## Given entries:
--- START ---
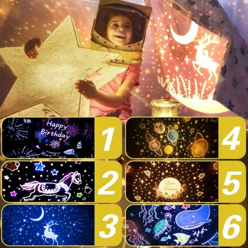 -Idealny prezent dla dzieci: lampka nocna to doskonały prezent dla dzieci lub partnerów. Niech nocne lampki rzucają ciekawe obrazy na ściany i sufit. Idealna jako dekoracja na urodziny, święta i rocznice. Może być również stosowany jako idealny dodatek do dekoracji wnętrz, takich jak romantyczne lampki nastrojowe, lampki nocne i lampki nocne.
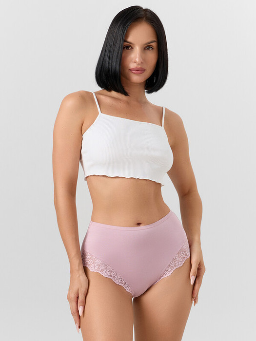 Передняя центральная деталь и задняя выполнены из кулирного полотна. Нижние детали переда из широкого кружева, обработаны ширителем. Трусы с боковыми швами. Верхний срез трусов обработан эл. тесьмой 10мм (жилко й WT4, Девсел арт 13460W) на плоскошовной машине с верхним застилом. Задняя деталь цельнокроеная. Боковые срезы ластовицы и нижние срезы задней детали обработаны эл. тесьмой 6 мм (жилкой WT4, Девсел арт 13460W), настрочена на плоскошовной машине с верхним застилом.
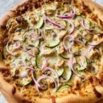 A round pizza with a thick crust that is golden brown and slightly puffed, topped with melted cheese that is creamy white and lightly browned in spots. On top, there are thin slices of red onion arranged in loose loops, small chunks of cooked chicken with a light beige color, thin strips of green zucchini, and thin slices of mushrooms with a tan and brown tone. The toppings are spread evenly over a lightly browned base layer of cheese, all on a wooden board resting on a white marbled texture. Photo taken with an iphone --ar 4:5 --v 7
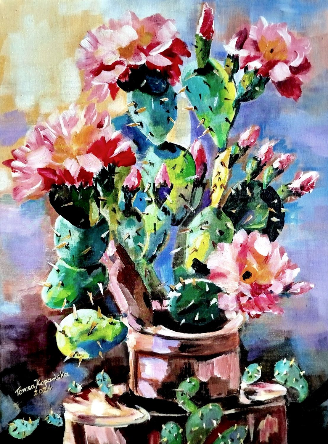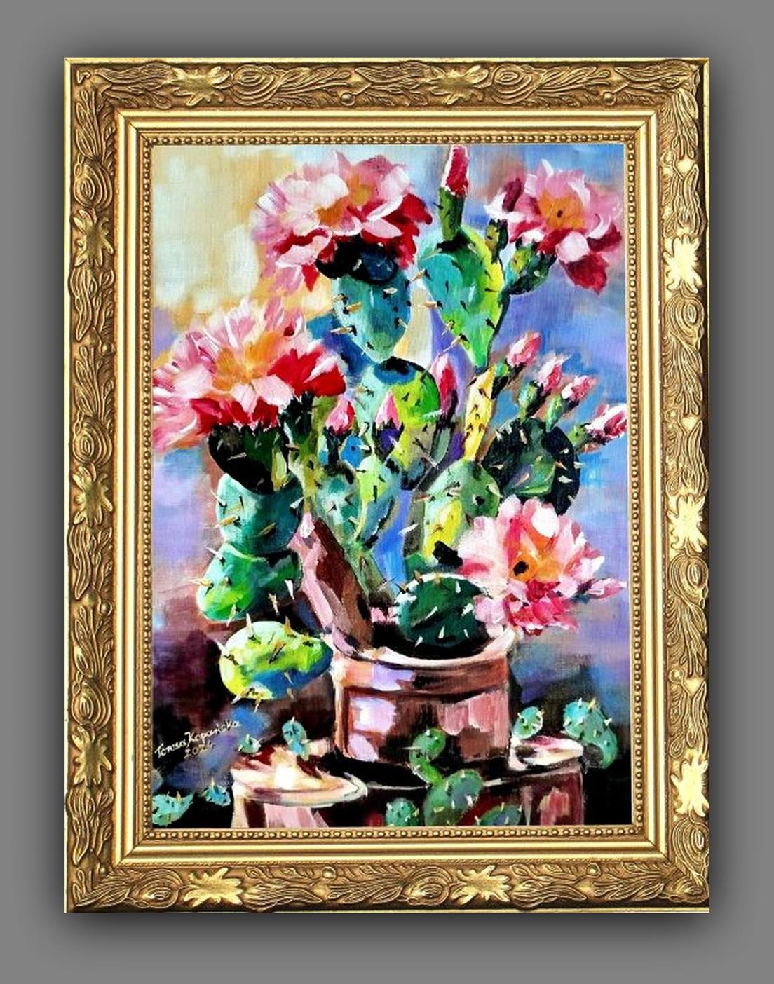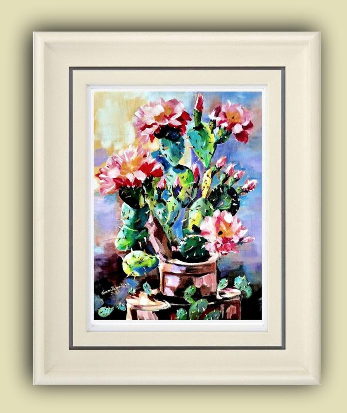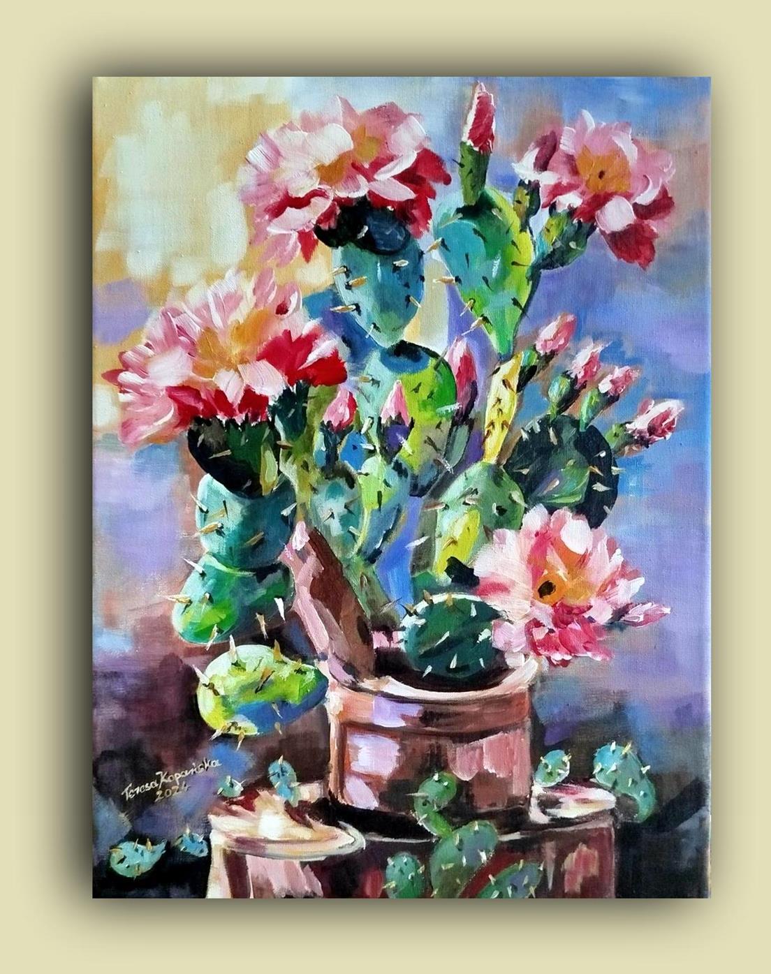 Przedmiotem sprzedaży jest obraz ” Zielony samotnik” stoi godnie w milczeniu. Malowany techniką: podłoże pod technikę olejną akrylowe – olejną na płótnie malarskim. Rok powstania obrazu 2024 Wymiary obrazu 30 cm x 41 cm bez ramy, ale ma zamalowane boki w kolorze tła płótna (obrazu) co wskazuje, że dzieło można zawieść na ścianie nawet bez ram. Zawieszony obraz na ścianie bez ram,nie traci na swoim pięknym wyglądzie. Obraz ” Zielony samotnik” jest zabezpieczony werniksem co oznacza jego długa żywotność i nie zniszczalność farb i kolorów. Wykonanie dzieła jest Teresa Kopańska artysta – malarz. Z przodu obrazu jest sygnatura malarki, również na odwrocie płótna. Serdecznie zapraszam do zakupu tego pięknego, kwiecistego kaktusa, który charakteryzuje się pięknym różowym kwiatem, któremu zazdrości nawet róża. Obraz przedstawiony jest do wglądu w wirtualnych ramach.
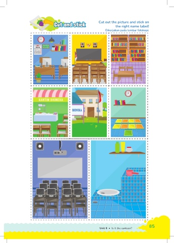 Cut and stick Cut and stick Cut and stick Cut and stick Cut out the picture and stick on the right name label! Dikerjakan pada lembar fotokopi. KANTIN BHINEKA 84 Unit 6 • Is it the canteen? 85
--- END ---
Exact copy, pictures excluded: repeat the lines from the top of the material through the line with "A round pizza".

 -Idealny prezent dla dzieci: lampka nocna to doskonały prezent dla dzieci lub partnerów. Niech nocne lampki rzucają ciekawe obrazy na ściany i sufit. Idealna jako dekoracja na urodziny, święta i rocznice. Może być również stosowany jako idealny dodatek do dekoracji wnętrz, takich jak romantyczne lampki nastrojowe, lampki nocne i lampki nocne.
 Передняя центральная деталь и задняя выполнены из кулирного полотна. Нижние детали переда из широкого кружева, обработаны ширителем. Трусы с боковыми швами. Верхний срез трусов обработан эл. тесьмой 10мм (жилко й WT4, Девсел арт 13460W) на плоскошовной машине с верхним застилом. Задняя деталь цельнокроеная. Боковые срезы ластовицы и нижние срезы задней детали обработаны эл. тесьмой 6 мм (жилкой WT4, Девсел арт 13460W), настрочена на плоскошовной машине с верхним застилом.
 A round pizza with a thick crust that is golden brown and slightly puffed, topped with melted cheese that is creamy white and lightly browned in spots. On top, there are thin slices of red onion arranged in loose loops, small chunks of cooked chicken with a light beige color, thin strips of green zucchini, and thin slices of mushrooms with a tan and brown tone. The toppings are spread evenly over a lightly browned base layer of cheese, all on a wooden board resting on a white marbled texture. Photo taken with an iphone --ar 4:5 --v 7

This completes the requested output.